Playing the game is more straightforward and simple. Players who play the game can earn in-game tokens from playing and then cash out those tokens for money.

Starting a guild is a bit more complicated. It is akin to setting up your own company/fund. Guildmaster would set up a few accounts and then rent them out to other players. This is a more passive and capital intensive approach where guild owners get a portion of the reward earned by the players.

Portfolio allocation

Darius is 100% in crypto and his portfolio allocation rule is to have a big enough fixed income portion to generate income to cover your expenditure.

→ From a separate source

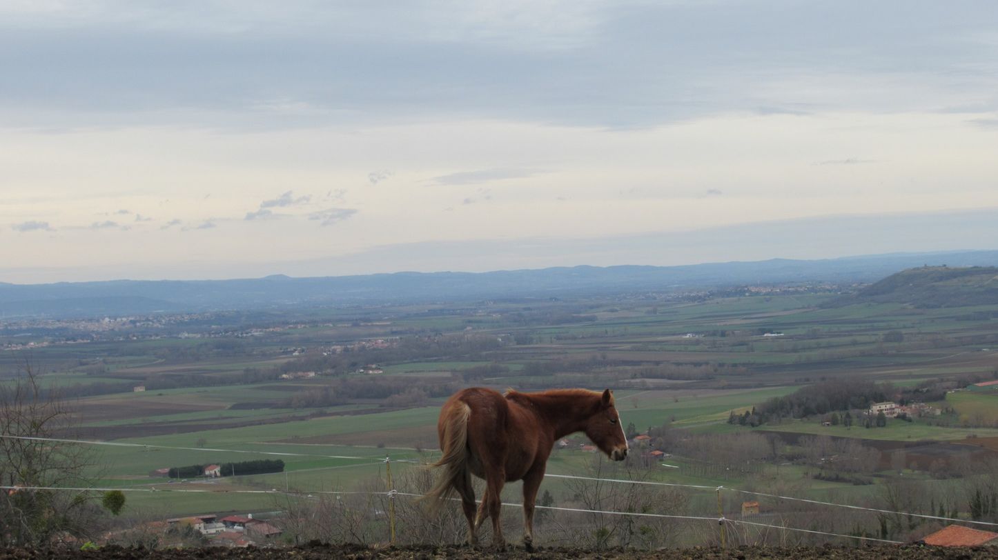 Dimanche 05 janvier : L’ancienne gare est devenue une maison médicale, mais elle a gardé son aspect familier avec le nom écrit sur le côté que l’on voyait du train : JOZE. La ligne allait de Maringues à Gerzat et servait à l’importante production agricole. C’est que nous sommes dans la très riche Limagne. Nous prenons vers le Nord de très larges chemins au milieu des vastes terrains de culture, soit à la terre fraîchement retournée, soit encore encombrés des galets que l’Allier a dû charrier là il y a bien longtemps. A la hauteur de St Laure, nous passons au milieu des étangs, anciennes sablières, et revenons par Tissonnières, un village tout en longueur au bord de l’Allier qui fait ici de grands méandres. Ses galets ornent le mur des maisons, on voit Bassinet et Culhat sur la rive droite. Mais le paysage est partout bien plus lointain : les Dômes; la Toscane auvergnate, et au milieu des cultures, des pigeonniers, des hangars à tabac et beaucoup de chevaux et d’ânes ! Un circuit sans difficulté de début d’année, merci Claude !

His portfolio would see a mix of fixed income and speculative assets. Depending on the individual risk level, the fixed income portion would also increase or decrease.

Fixed income is also split into two different categories: high yield and low yield. High yield fixed income

On the other hand, Felix classifies crypto as a high-risk asset and advocates that investors should only invest an amount they are comfortable with losing.

Unsure of how to design your crypto portfolio? Fret not we have a guide for you: Here Are 3 Sample Crypto Portfolios For Those Who Are Just Starting Out

Is P2E a Ponzi scheme?

Felix agrees that today’s P2E space is closer to a Ponzi scheme than not but even if it is a Ponzi scheme today doesn’t mean that it will be a Ponzi scheme tomorrow.

He added that it is up to the gaming studio to “Unponzify” themselves. It can be done in many ways like creating a new form of payout or redesigning the whole tokenomic.

Even if the game is a Ponzi scheme, it doesn’t mean players cannot profit from it. Players have to be stringent when reviewing the game and also limit the exposure to a level they are comfortable losing.

Not sure if the game is a scam?

Also Read: GameFi And Blockchain Games: 3 Ways To Differentiate A Legit Game From A Scam

Darius’s take on Anchor Protocol sustainability

Image Credit: Anchor Protocol

Darius thinks that the high yield of Anchor Protocol is probably not sustainable but it helps to bring in new users into the space.

While Anchor Protocol’s high yield might not be sustainable at this point in time, there is a whole suite of DeFi products with sustainable yield.

An example Darius pointed out is the DOV (decentralized option vault). Option vault generates yield by monetizing the volatility of the underlying asset.

The yield generated by the protocol is more sustainable in nature as it doesn’t rely on token emission to maintain the high APY.

Not sure what is DOV? Check it out here: All You Need To Know About DeFi Options Vaults (DOVs) And How To Get Started

[Editor’s Note: This article does not represent financial advice. Please do your own research before investing.]